» Brief
All of the data that follows is to be printed exactly, without pictures.

Dataset entries:
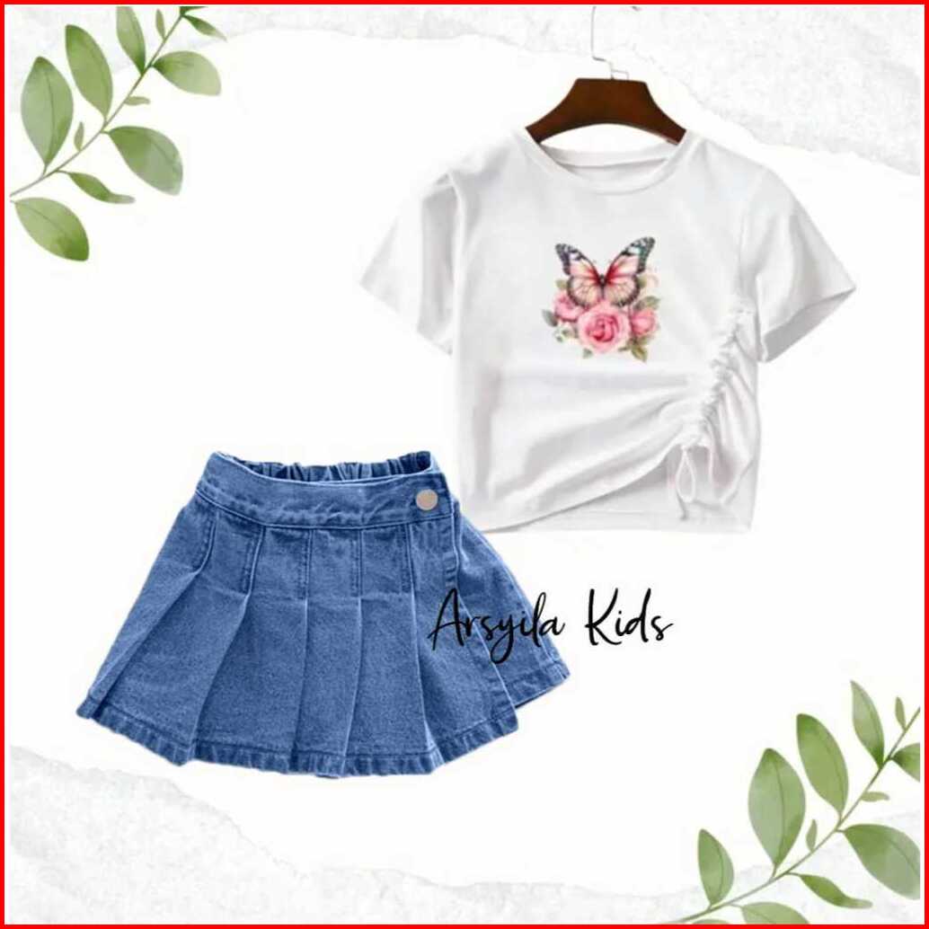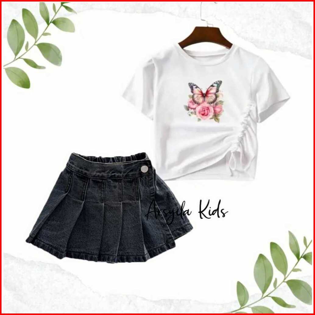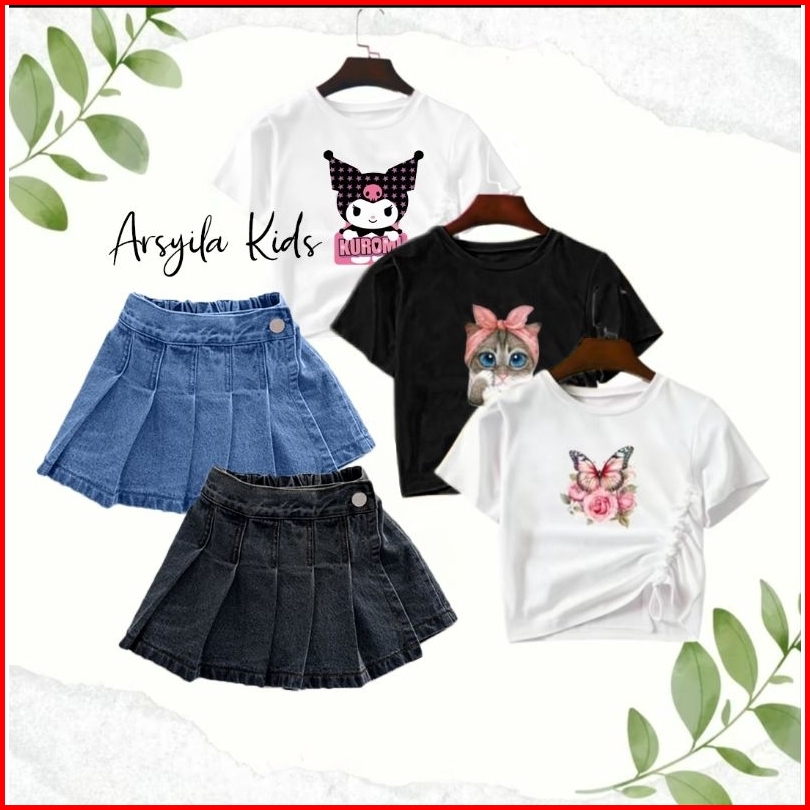 Arsyila Kids - Setelan Kaos Serut Anak Perempuan Rok Rempel Usia 1th Sampai 8th
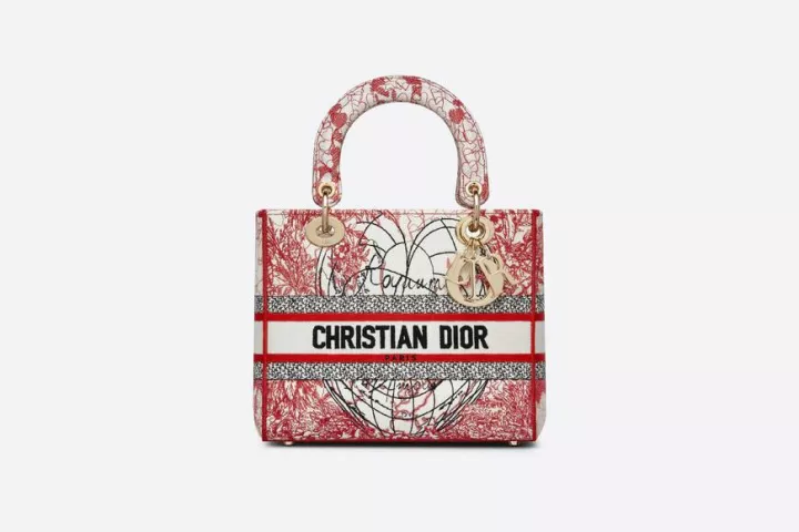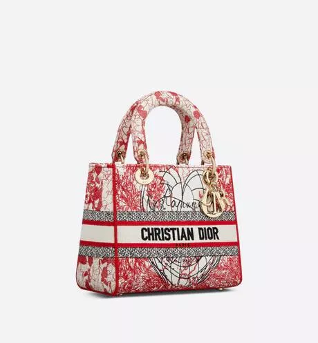 「Dioramour (ディオールアムール)」カプセルコレクションより、クラシックなエレガンスとディオールのモダニティを併せ持つ「Lady D-Lite(レディ D-ライト)」バッグ。アーティスト ピエトロ・ルッフォに着想を得た、レッドとホワイトの「D-Royaume d'Amour (D-ロワイヨム ダムール)」モチーフの刺繍を全面にあしらいました。フロントに“クリスチャン・ディオール”シグネチャーをあしらい、ボリューム感のあるペールゴールドトーン メタルの“D.I.O.R.”チャームが魅力的なシルエットを引き立てます。幅広でリバーシブルの刺繍入りショルダーストラップは取り外すことができ、手提げスタイルはもちろん、ショルダーバッグやクロスボディバッグとしてもお使いいただけます。「ディオールアムール」の他のアイテムと組み合わせてもお楽しみいただける、ミディアムサイズのモデルです。
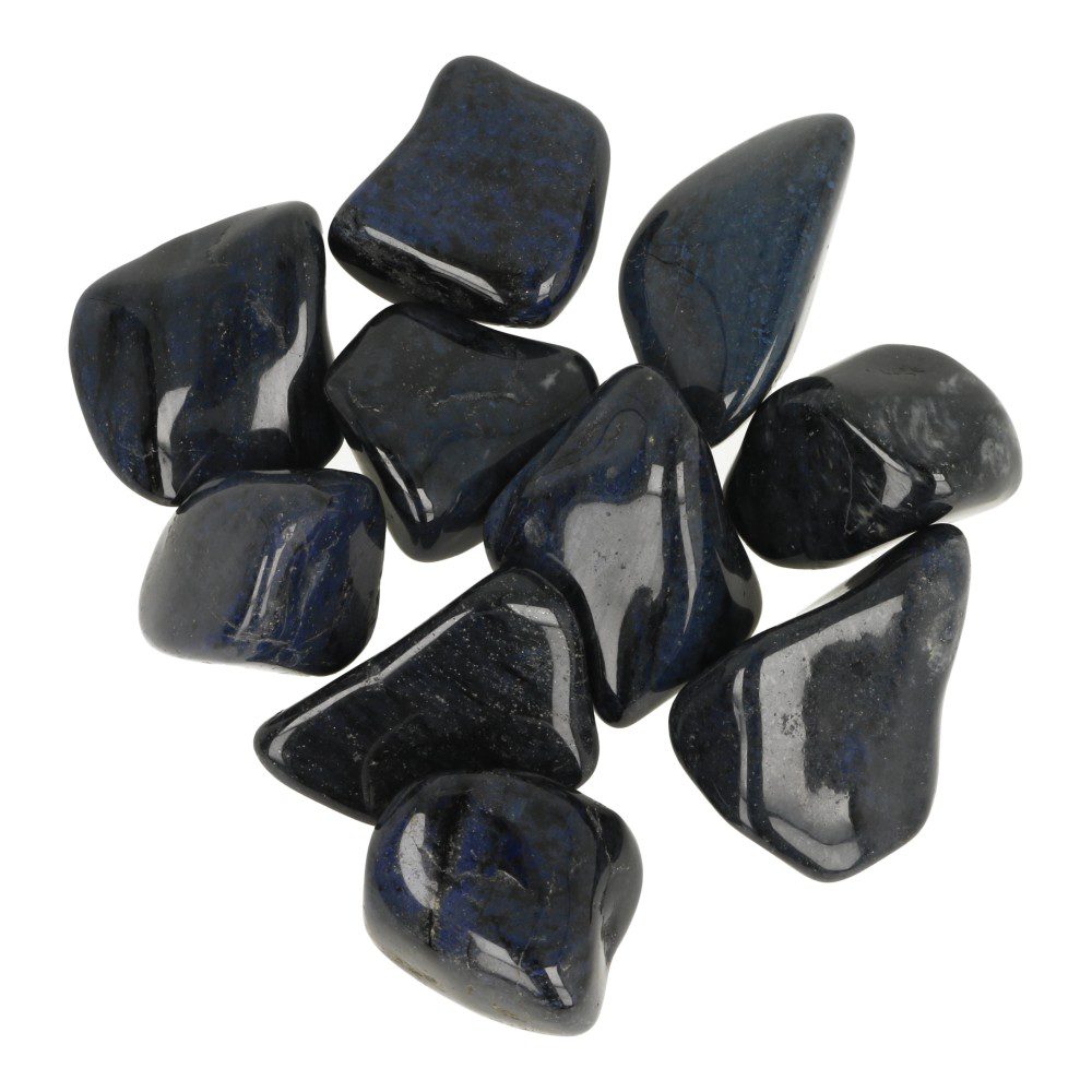 Mooie donkere dumortieriet trommelsteen 3cm met diepblauw/zwarte werkjes in de steen. De afmeting is ongeveer 2,8-3,5cm lang. Je ontvangt een soortgelijke dumortieriet trommelsteen 3cm als op de foto.
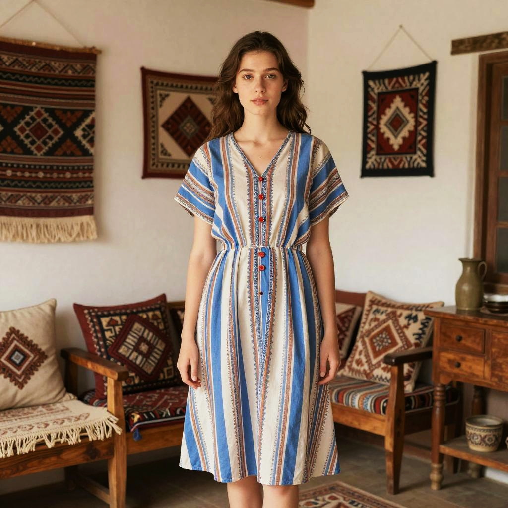 A young woman stands confidently in a cozy, traditionally decorated room, wearing a light-colored dress with bold blue and multicolored stripes. The interior reflects a warm, folk-inspired style with woven textiles, embroidered wall art, and wood furniture, creating a homely and inviting atmosphere.
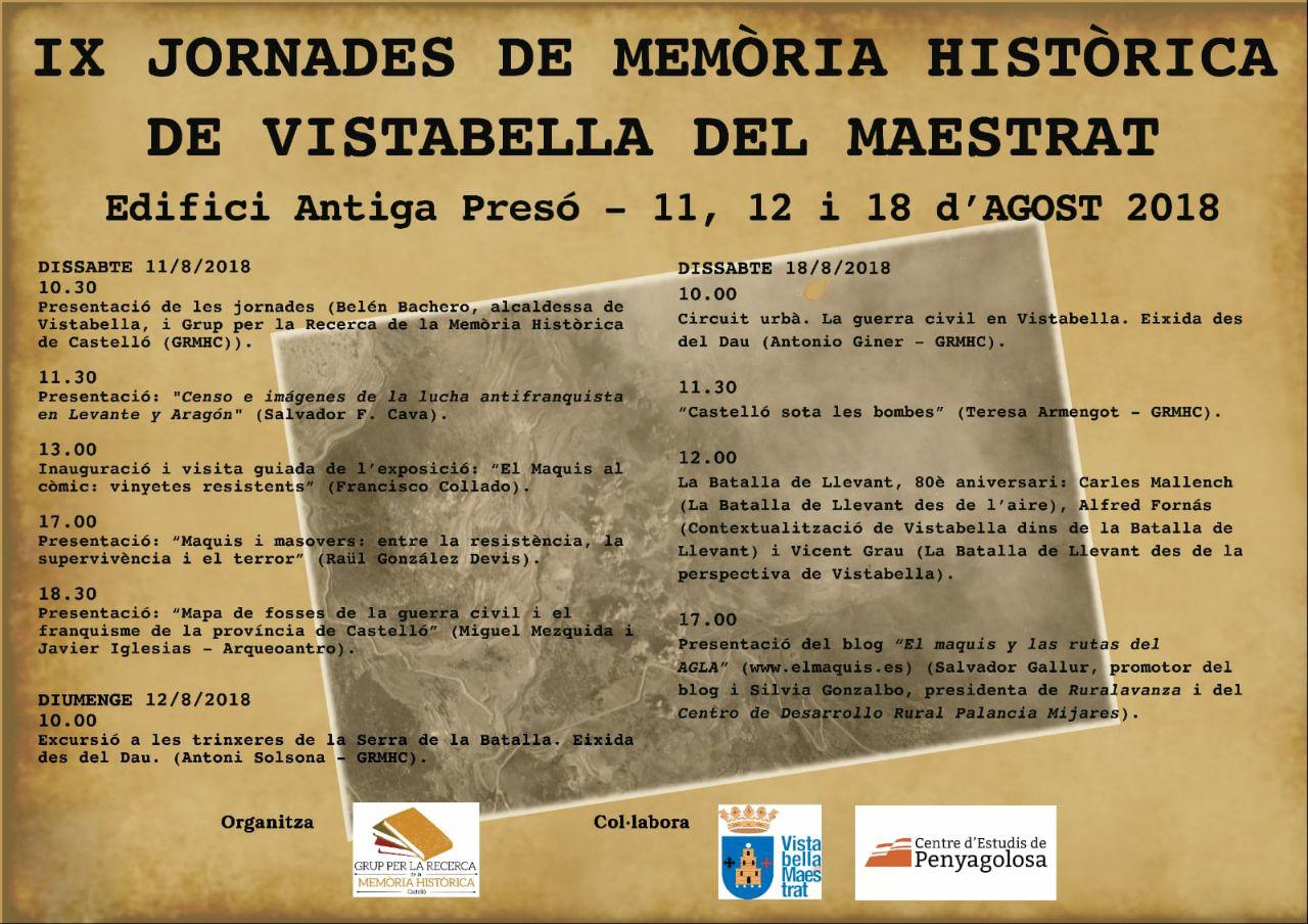 Las jornadas se celebran durante los días 11, 12 y 18 de agosto y están organizadas por el Grup per la Recerca de la Memoria Histórica de Castellón en colaboración con el ayuntamiento de Vistabella.
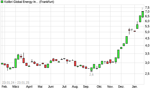 Mit dem Anstieg auf 6,60 EUR hat die Kolibri Global Energy-Aktie (ISIN CA50043K4063) am 22.01.2025 ein neues 10-Jahres-Hoch erreicht und damit den Kurs vom 17.01.2025 eingestellt.
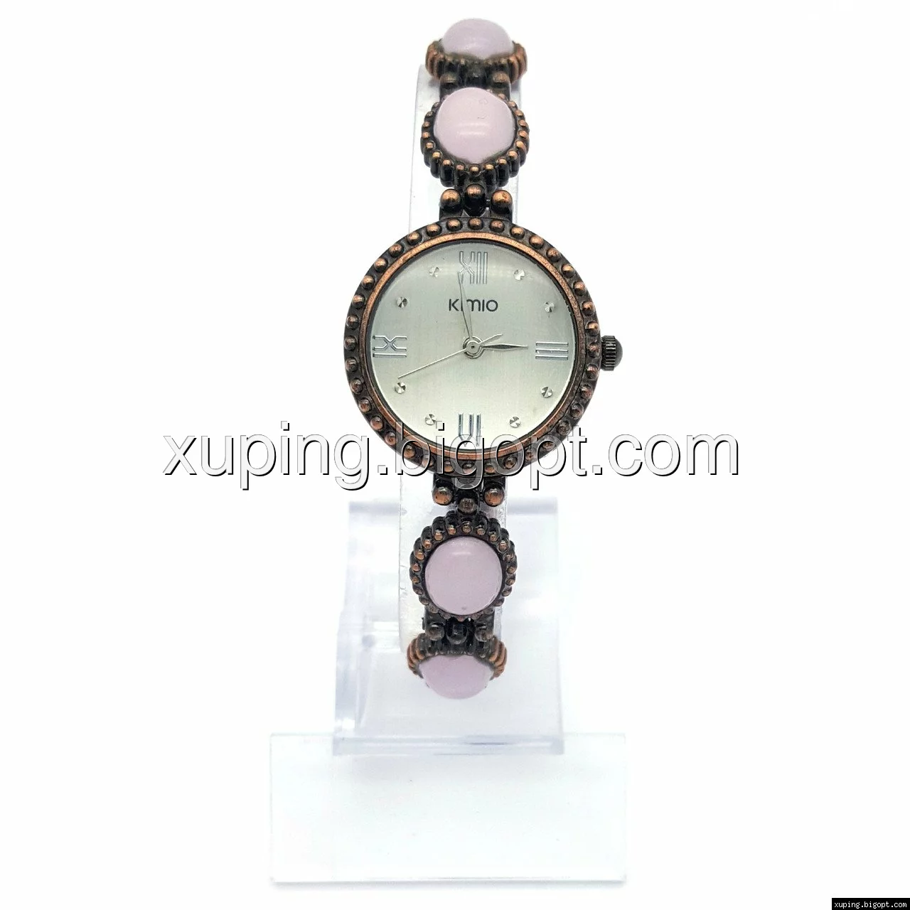 Часы KIMIO на браслете, вставка: розовый камень, длина браслета 20, циферблат 25мм
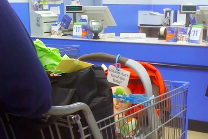 After all, you never know where those hands have been! The sign is both practical and genius, delivering a clear message to well-meaning strangers who might be tempted to pinch a cheek or ruffle some hair. It’s a simple yet effective way to protect the baby’s personal space while the shopping gets done.
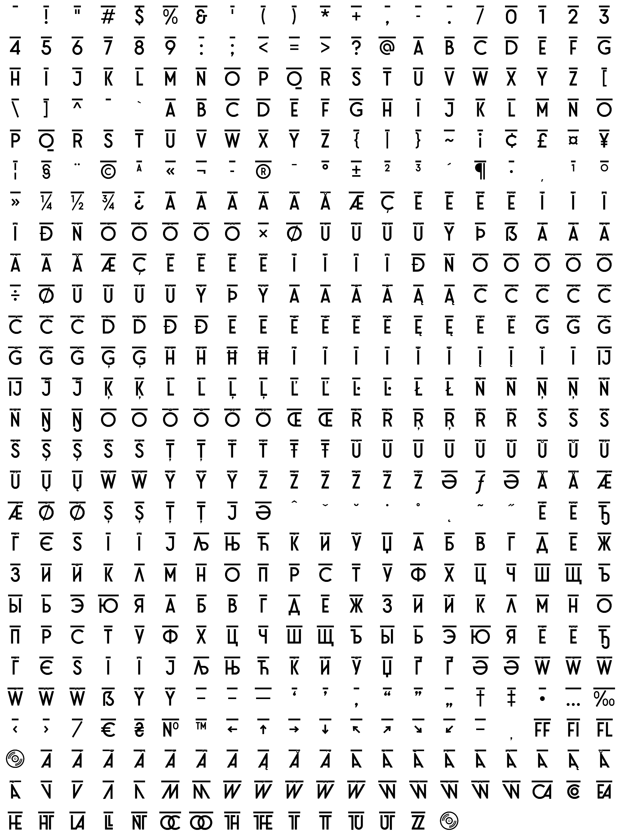 Due to the nature of thumbs' generation process, some of the glyphs in the glyph map may appear cropped.
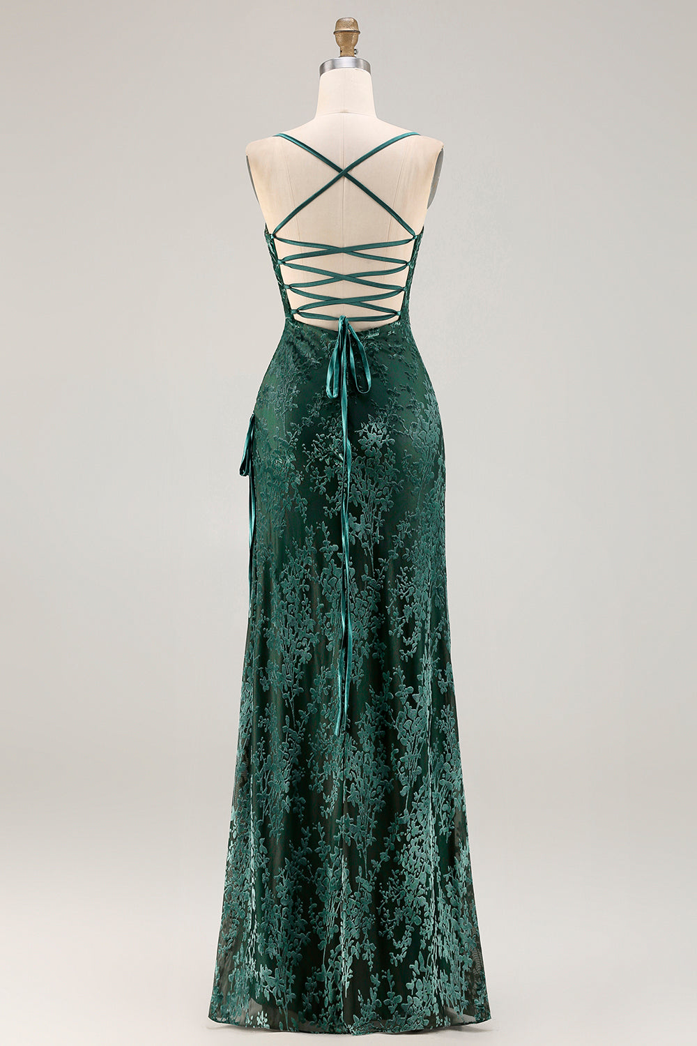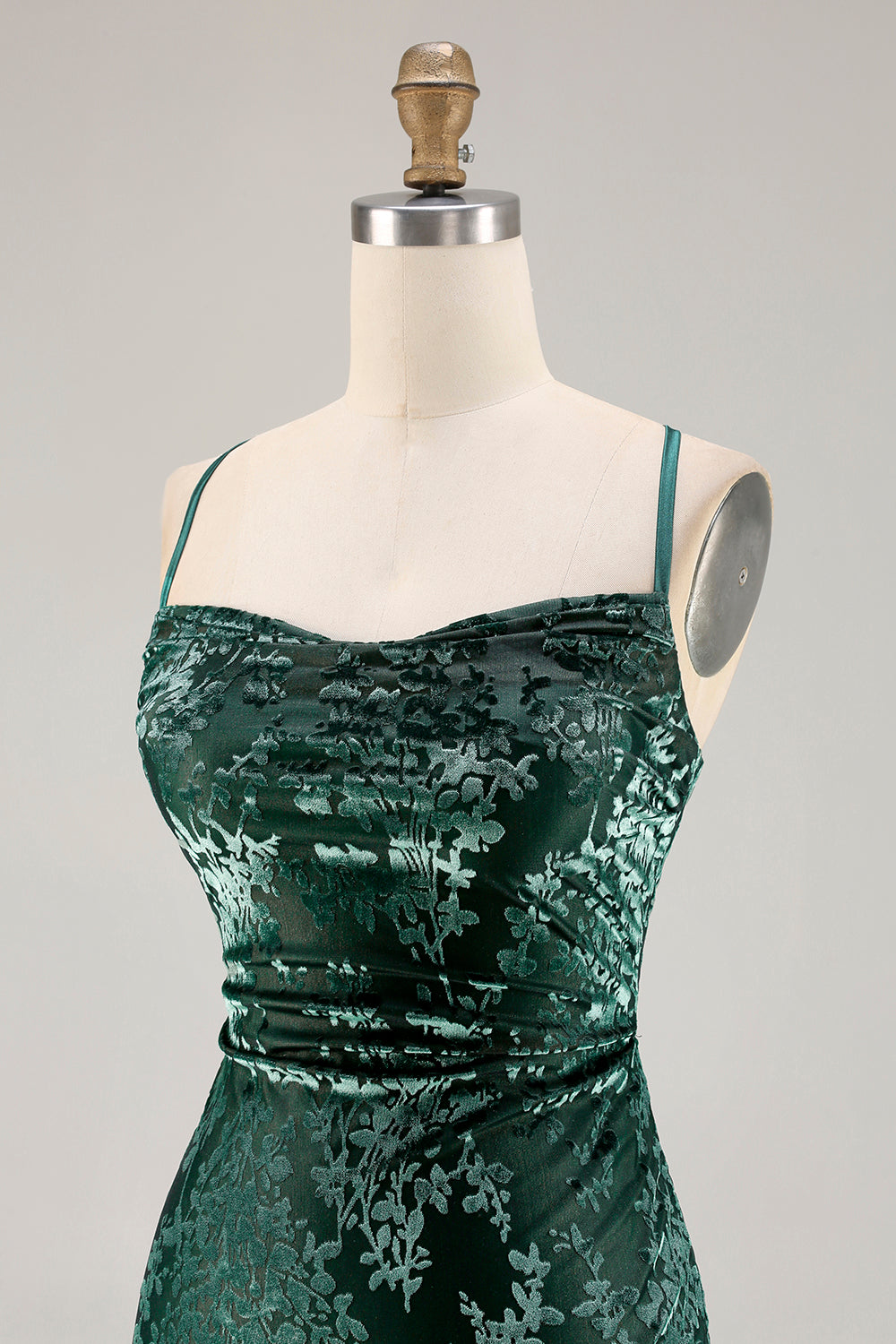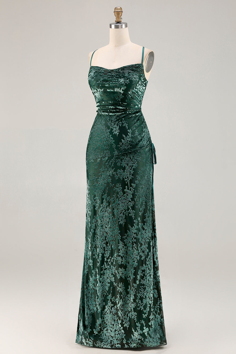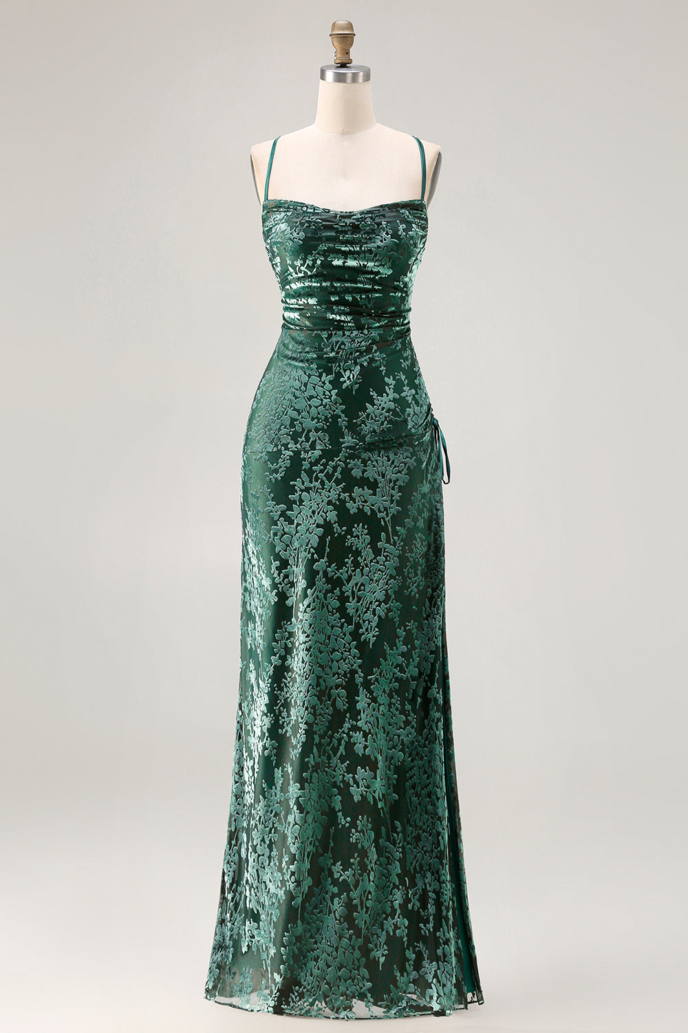 Dark Green Sheath Burnout Velvet Spaghetti Straps Maxi Dress with Lace Up Back

» Answer box
 Arsyila Kids - Setelan Kaos Serut Anak Perempuan Rok Rempel Usia 1th Sampai 8th
 「Dioramour (ディオールアムール)」カプセルコレクションより、クラシックなエレガンスとディオールのモダニティを併せ持つ「Lady D-Lite(レディ D-ライト)」バッグ。アーティスト ピエトロ・ルッフォに着想を得た、レッドとホワイトの「D-Royaume d'Amour (D-ロワイヨム ダムール)」モチーフの刺繍を全面にあしらいました。フロントに“クリスチャン・ディオール”シグネチャーをあしらい、ボリューム感のあるペールゴールドトーン メタルの“D.I.O.R.”チャームが魅力的なシルエットを引き立てます。幅広でリバーシブルの刺繍入りショルダーストラップは取り外すことができ、手提げスタイルはもちろん、ショルダーバッグやクロスボディバッグとしてもお使いいただけます。「ディオールアムール」の他のアイテムと組み合わせてもお楽しみいただける、ミディアムサイズのモデルです。
 Mooie donkere dumortieriet trommelsteen 3cm met diepblauw/zwarte werkjes in de steen. De afmeting is ongeveer 2,8-3,5cm lang. Je ontvangt een soortgelijke dumortieriet trommelsteen 3cm als op de foto.
 A young woman stands confidently in a cozy, traditionally decorated room, wearing a light-colored dress with bold blue and multicolored stripes. The interior reflects a warm, folk-inspired style with woven textiles, embroidered wall art, and wood furniture, creating a homely and inviting atmosphere.
 Las jornadas se celebran durante los días 11, 12 y 18 de agosto y están organizadas por el Grup per la Recerca de la Memoria Histórica de Castellón en colaboración con el ayuntamiento de Vistabella.
 Mit dem Anstieg auf 6,60 EUR hat die Kolibri Global Energy-Aktie (ISIN CA50043K4063) am 22.01.2025 ein neues 10-Jahres-Hoch erreicht und damit den Kurs vom 17.01.2025 eingestellt.
 Часы KIMIO на браслете, вставка: розовый камень, длина браслета 20, циферблат 25мм
 After all, you never know where those hands have been! The sign is both practical and genius, delivering a clear message to well-meaning strangers who might be tempted to pinch a cheek or ruffle some hair. It’s a simple yet effective way to protect the baby’s personal space while the shopping gets done.
 Due to the nature of thumbs' generation process, some of the glyphs in the glyph map may appear cropped.
 Dark Green Sheath Burnout Velvet Spaghetti Straps Maxi Dress with Lace Up Back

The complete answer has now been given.